Diagnostic Features:

  • HRM: Elevated median IRP (>15 mmHg supine).
  • TBE: Bird’s beak narrowing.
  • Endoscopy: Retained saliva and food, puckered EGJ.
  • FLIP: EGJ diameter <13 mm, reduced distensibility index (DI).

Treatment:

  • Peroral Endoscopic Myotomy (POEM): First-line for Type III achalasia.
  • Laparoscopic Heller Myotomy (LHM): Often combined with fundoplication to reduce reflux.
  • Pneumatic Dilation (PD): Non-surgical option for Type II.

.1 Perform dilatation with pneumatic balloons 30–40mm in diameter starting at 30mm in the first session to reduce the risk of complications 2. Perform a second dilatation session 2–28 days later with a larger size balloon of 35mm 3. Consider repeat dilatation (after the initial series) during follow-up to maintain symptom response 4. Perform dilatation under endoscopic or fluoroscopic control based on clinician’s preference 5. Consider proton pump inhibitor (PPI) therapy after dilatation as the technique has 10–40% rate of symptomatic gastro-oesophageal reflux disease (GORD) or ulcerative oesophagitis after treatment

  • Botulinum Toxin Injection: Temporary relief for patients unfit for surgery.
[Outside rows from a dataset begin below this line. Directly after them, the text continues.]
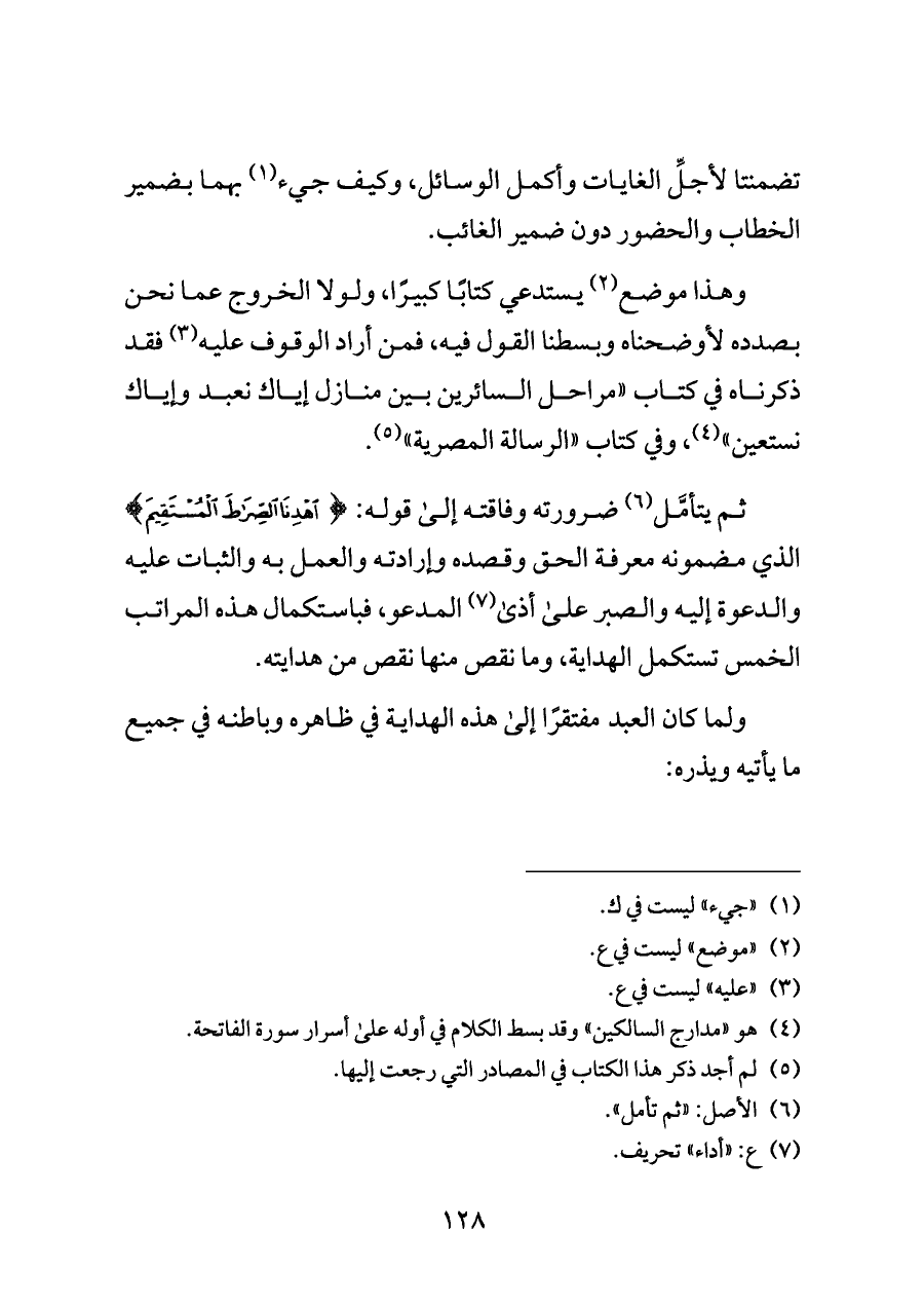 (¬٤) هو "مدارج السالكين" وقد بسط الكلام في أوله على أسرار سورة الفاتحة.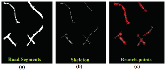 Consider an example consisting of four road segments, as shown in Figure 4a. We first define the nodes by extracting the nodes in each segment with the help of end points/branch points of the skeleton of the road segments, as shown in Figure 4b. Once, we extract the nodes, we look at each node within a segment and associate that node with a cost value, which is based on minimum distance from that node to the other node in the unconnected segment, as shown in Figure 5a.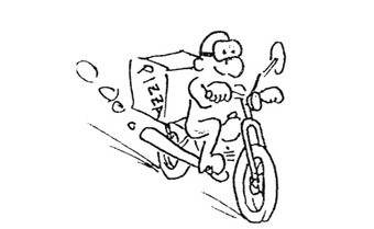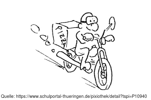 Das Bild gehört zur Serie "Paul". Es zeigt Paul auf einem Mofa Pizza ausliefern. Das Bild ist unter CC0 lizenziert und kann somit frei verwendet werden.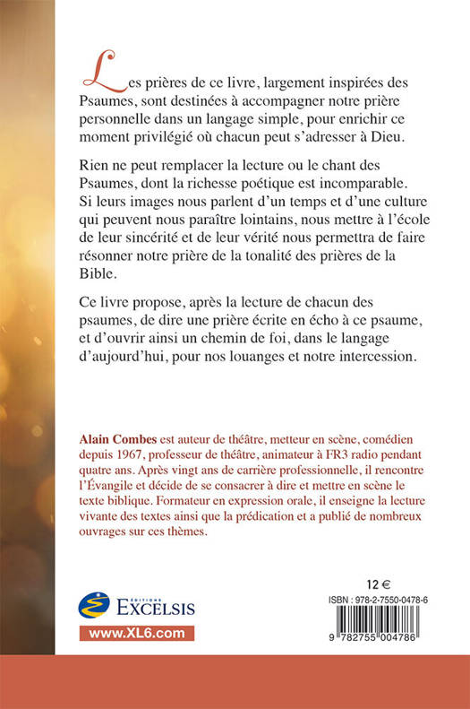 Les prières de ce livre, largement inspirées des Psaumes, sont destinées à accompagner notre prière personnelle dans un langage simple, pour enrichir ce moment privilégié où chacun peut s’adresser à Dieu. Rien ne peut remplacer la lecture ou le chant des Psaumes, dont la richesse poétique est incomparable. Si leurs images nous parlent d’un temps et d’une culture qui peuvent nous paraître lointains, nous mettre à l’école de leur sincérité et de leur vérité nous permettra de faire résonner notre prière de la tonalité des prières de la Bible. Ce livre propose, après la lecture de chacun des psaumes, de dire une prière écrite en écho à ce psaume, et d’ouvrir ainsi un chemin de foi, dans le langage d’aujourd’hui, pour nos louanges et notre intercession.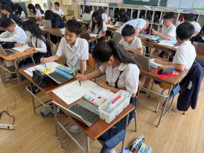 以前、学習者用端末でお互いを撮りあいました。その写真を見ながら自画像を描きました。今日は肌色を赤・黄・青の3つの色を混ぜ合わせて肌色を作り、肌を塗ることをしました。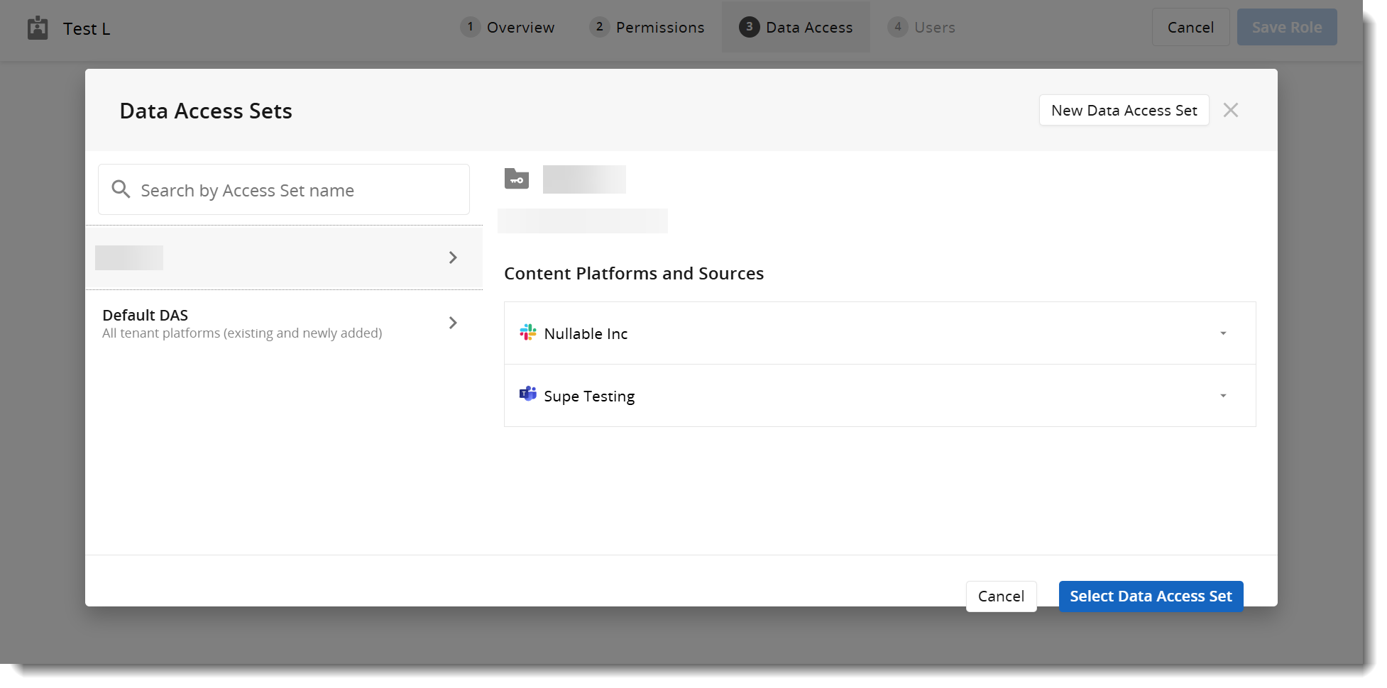 - You can also select the New Data Access Set to create a new Data Access Set.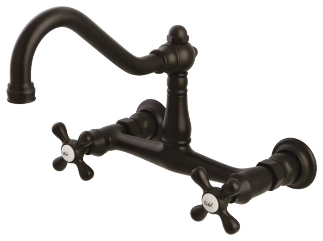Bring a traditional feel to your kitchen with the oil rubbed bronze Vintage Wall-Mount 2-Handle Vessel Sink Faucet. It is beautifully crafted from solid brass, to ensure the Vintage’s durability and reliability. A swivel spout makes for an easier time with dishes, and ceramic disc cartridges mean drip-free use. Featuring two metal cross handles and elegantly contoured edges, this faucet makes a lovely addition to a farmhouse sink.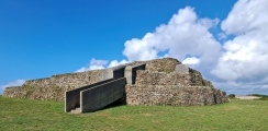 Dating to about 4600 BCE at the earliest, this is one of the most significant Cairns in Brittany, but unfortunately one of the most brutally vandalized. In 1942, German troops built a bunker and flak emplacement into the south east corner of the cairn, which completely destroyed one of the chambers and caused the collapse of the second one, which has since been restored. The megalithic entrance is thought to be an addition from Gallo-Roman times.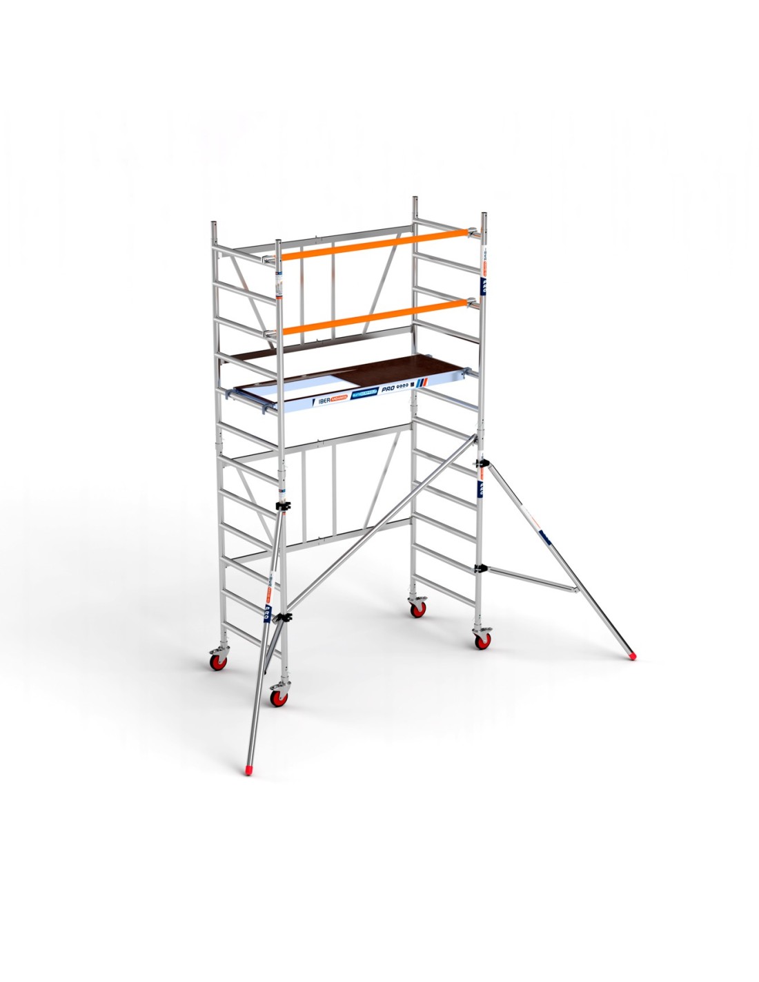 Andaime dobrável em alumínio 90x190 e 4,70 metros de altura de trabalho com estabilizadores, de grande qualidade e versatilidade, pois pode ser utilizado em todo o tipo de obras. Fácil de manusear e de montar, pode até movê-lo sem ter de o desmontar. Andaime dobrável concebido para uso profissional, pronto em apenas 4 minutos. Este andaime dobrável pode ser ampliado para atingir uma altura máxima de trabalho de 7,50 metros.

Esophagogastric Junction Outflow Obstruction (EGJOO)

  • Definition: Elevated IRP with preserved peristalsis but without criteria for achalasia.
  • Causes:
    • Mechanical: Hiatal hernia, fundoplication wrap.
    • Functional: Opioid-induced dysfunction.
  • Diagnostic Confirmation:
    • HRM: Elevated IRP in both supine and upright positions.
    • TBE: Retained barium.
    • FLIP: Decreased EGJ-DI.
  • Treatment:
    • Conservative approach for mild cases (spontaneous resolution possible).
    • Endoscopic dilation or botulinum toxin injections for symptomatic cases.
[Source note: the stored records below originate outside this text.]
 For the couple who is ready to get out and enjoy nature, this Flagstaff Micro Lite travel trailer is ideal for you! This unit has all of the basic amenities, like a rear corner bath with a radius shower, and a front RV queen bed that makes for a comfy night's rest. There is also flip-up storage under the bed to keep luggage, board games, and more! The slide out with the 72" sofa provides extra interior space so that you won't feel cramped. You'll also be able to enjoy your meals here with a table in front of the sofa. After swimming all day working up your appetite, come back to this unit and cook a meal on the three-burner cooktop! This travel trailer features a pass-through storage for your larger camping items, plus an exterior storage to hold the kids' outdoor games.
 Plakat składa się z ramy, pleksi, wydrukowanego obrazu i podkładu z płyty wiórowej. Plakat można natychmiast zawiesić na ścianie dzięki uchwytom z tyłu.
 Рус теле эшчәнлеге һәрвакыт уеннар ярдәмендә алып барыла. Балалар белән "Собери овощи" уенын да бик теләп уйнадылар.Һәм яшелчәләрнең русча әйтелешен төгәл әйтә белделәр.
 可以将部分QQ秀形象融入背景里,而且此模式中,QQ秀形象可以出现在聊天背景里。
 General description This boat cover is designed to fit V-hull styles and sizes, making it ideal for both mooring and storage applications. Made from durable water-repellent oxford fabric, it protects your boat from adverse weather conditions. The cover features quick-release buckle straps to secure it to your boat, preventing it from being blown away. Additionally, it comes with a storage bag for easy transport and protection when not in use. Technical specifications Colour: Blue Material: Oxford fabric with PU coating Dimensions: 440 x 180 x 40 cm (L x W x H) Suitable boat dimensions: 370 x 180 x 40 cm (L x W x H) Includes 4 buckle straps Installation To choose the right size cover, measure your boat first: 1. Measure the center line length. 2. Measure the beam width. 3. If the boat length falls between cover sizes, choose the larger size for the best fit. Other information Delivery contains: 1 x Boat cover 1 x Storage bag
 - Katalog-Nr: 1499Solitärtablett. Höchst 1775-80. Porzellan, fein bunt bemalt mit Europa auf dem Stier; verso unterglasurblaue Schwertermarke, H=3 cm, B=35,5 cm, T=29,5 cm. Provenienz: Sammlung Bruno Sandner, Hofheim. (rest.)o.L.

Disorders of Oesophageal Peristalsis

Distal Oesophageal Spasm (DES)

  • Manometric Criteria: ≥20% premature contractions (DL <4.5 seconds) with normal IRP.
  • Clinical Features:
    • Intermittent dysphagia.
    • Non-cardiac chest pain.
    • Corkscrew oesophagus on imaging.
  • Treatment:
    • Calcium channel blockers or nitrates.
    • Botulinum toxin injections.
    • POEM or myotomy for severe cases.

Hypercontractile (Jackhammer) Oesophagus

  • Manometric Criteria: ≥20% swallows with DCI >8000 mmHg·s·cm.
  • Clinical Features:
    • Severe chest pain.
    • Occasional dysphagia.
  • Treatment:
    • Smooth muscle relaxants (e.g., diltiazem).
    • Botulinum toxin injections.
    • POEM for refractory cases.

Hypomotility Disorders

Ineffective Oesophageal Motility (IEM)

  • Manometric Criteria: ≥70% ineffective swallows (DCI <450 mmHg·s·cm).
  • Clinical Relevance: Often associated with gastroesophageal reflux disease (GERD).
  • Treatment:
    • Focus on reflux control.
    • Lifestyle modifications and dietary adjustments.

Absent Contractility

  • Manometric Criteria: 100% failed peristalsis (DCI <100 mmHg·s·cm) with normal IRP.
  • Causes: Often secondary to systemic sclerosis or severe GERD.
  • Treatment:
    • Esophageal dilation.
    • Acid suppression therapy.

Secondary Oesophageal Dysmotility

Opioid-Induced Oesophageal Dysfunction

  • Clinical Features: Dysphagia, spastic disorders (e.g., EGJOO, type III achalasia).
  • Management:
    • Discontinuation or change of opioid.
    • Botulinum toxin injections or dilation if necessary.

Post-Surgical Oeophageal Motility Disorders

  • Common after antireflux surgery or bariatric surgery.
  • Diagnostic Approach: Endoscopy, HRM, and FLIP to assess the surgical site.
  • Treatment: Endoscopic dilation or wrap takedown in resistant cases.